#### [Work required]
Leaving the pictures aside, transcribe only and exactly the lines from the one with "Тонкая золотистая оправа" through the end of the entries, both included.

#### [The data]
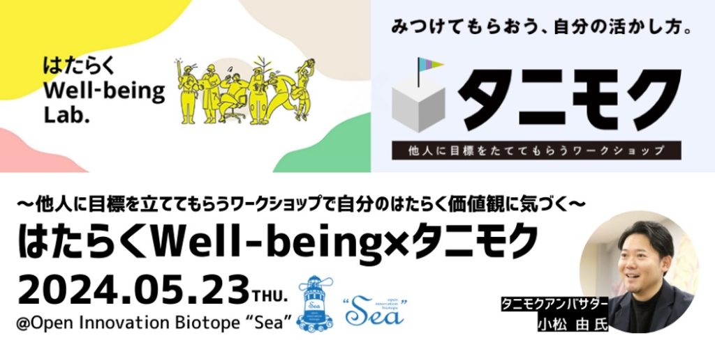今回はその一環として株式会社オカムラと共同で、他人に目標をたててもらうという、従来とは異なる新しい目標設定手法として注目を集める「タニモク」と協業し、参加者に自身の“はたらくWell-being”について、参加者同士で学び、より深く考えてもらうことを目的としたワークショップ「はたらくWell-being×タニモク」を開催することとしました。本イベントは、さまざまな文脈で東京に集まる人たちが共創を起こし、これからの「はたらく」の潮流をつくる場である「Open Innovation Biotope “Sea”」で開催します。■「はたらくWell-being×タニモク」の概要
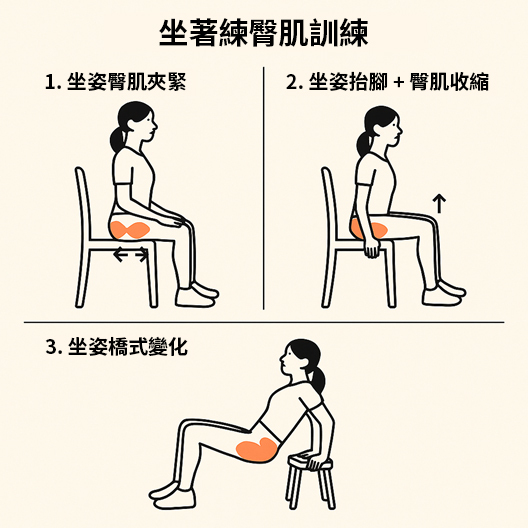 1. 坐姿臀肌夾緊:雙腳踩地,背部打直,用力夾緊臀部肌肉,維持3–5秒後放鬆。
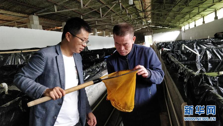 廣西上林縣西燕鎮(zhèn)岜獨(dú)村駐村第一書記康勇(左一)在龜鱉養(yǎng)殖場(chǎng)和養(yǎng)殖能人交流(4月24日攝)。 新華社記者 農(nóng)冠斌 攝
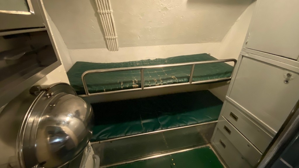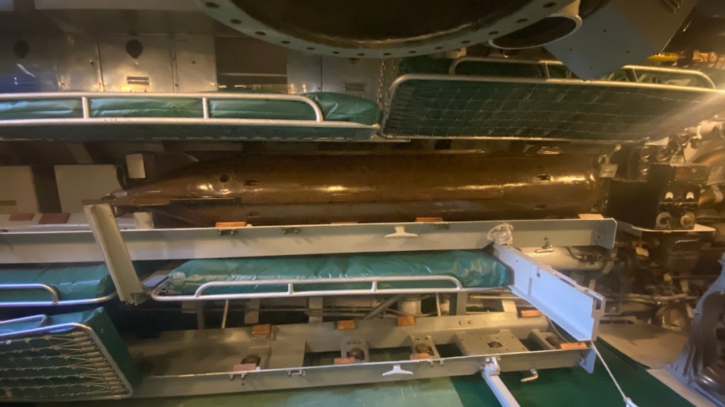 Space is at an absolute premium on a submarine. Every inch of space is used, often for multiple purposes. For instance, there are bunks in the aft torpedo room. Can you imagine sharing your sleeping space with torpedoes? Aside from the weaponry, though, it’s kind of like living in a van. You use every bit of the small space you have, often for multiple purposes.
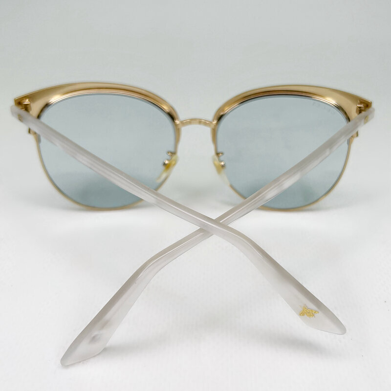 Тонкая золотистая оправа подчёркивает утончённость формы, а полупрозрачные дужки добавляют визуальной чистоты и современного звучания. Это баланс между ретро-настроением и актуальным минимализмом — очки, которые мягко выделяются, не перегружая образ.
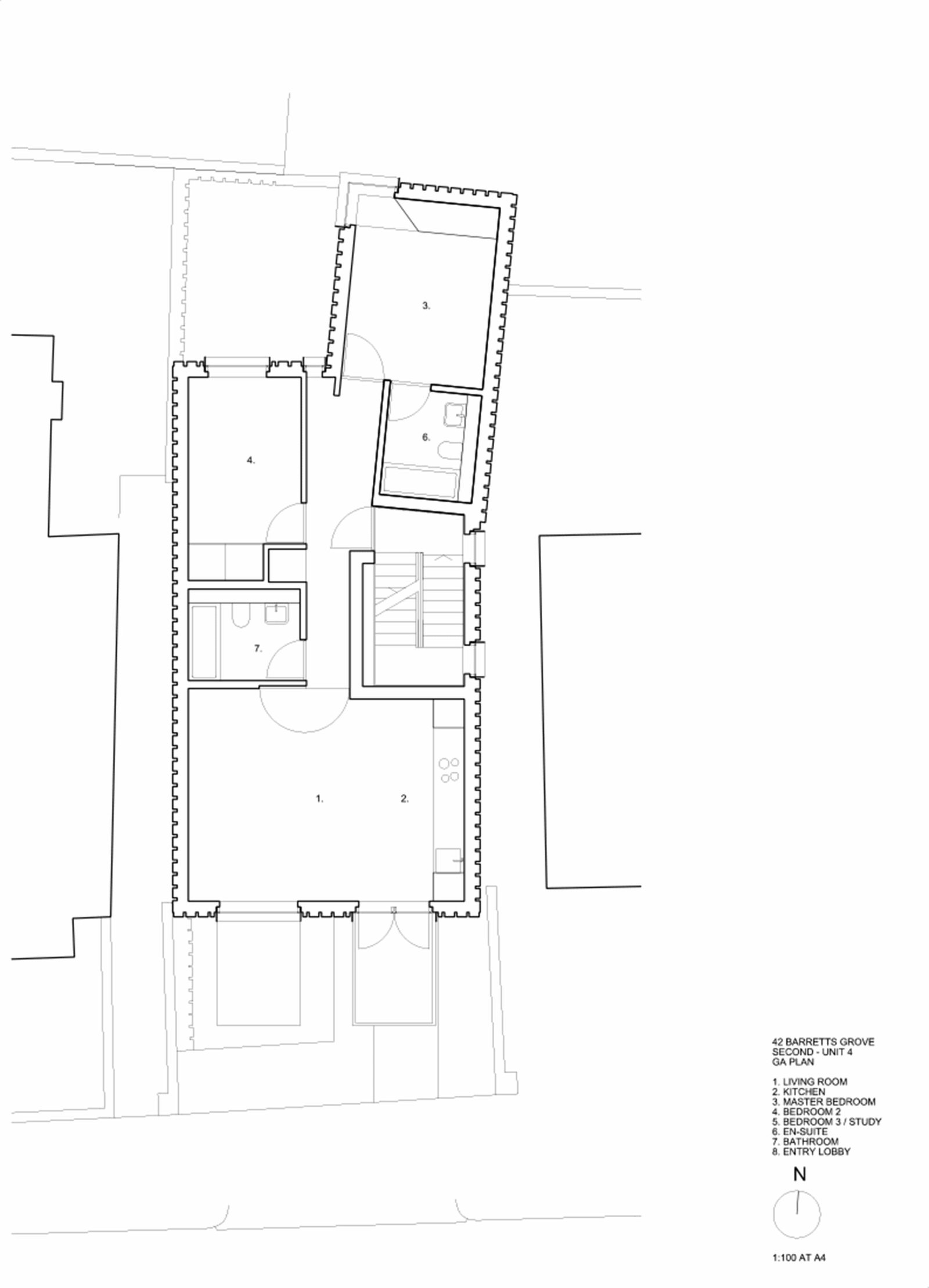 La rue Barrets Grove est principalement constituée de maisons mitoyennes à deux étages. Cette linéarité est ensuite interrompue par de récents petits immeubles et la présence de l’école primaire Princess May qui marque l’arrivée de la Stoke Newington Road. C’est cette dernière qui a impulsé l’idée de travailler les pignons du projet.

#### [Completed exercise]
 Тонкая золотистая оправа подчёркивает утончённость формы, а полупрозрачные дужки добавляют визуальной чистоты и современного звучания. Это баланс между ретро-настроением и актуальным минимализмом — очки, которые мягко выделяются, не перегружая образ.
 La rue Barrets Grove est principalement constituée de maisons mitoyennes à deux étages. Cette linéarité est ensuite interrompue par de récents petits immeubles et la présence de l’école primaire Princess May qui marque l’arrivée de la Stoke Newington Road. C’est cette dernière qui a impulsé l’idée de travailler les pignons du projet.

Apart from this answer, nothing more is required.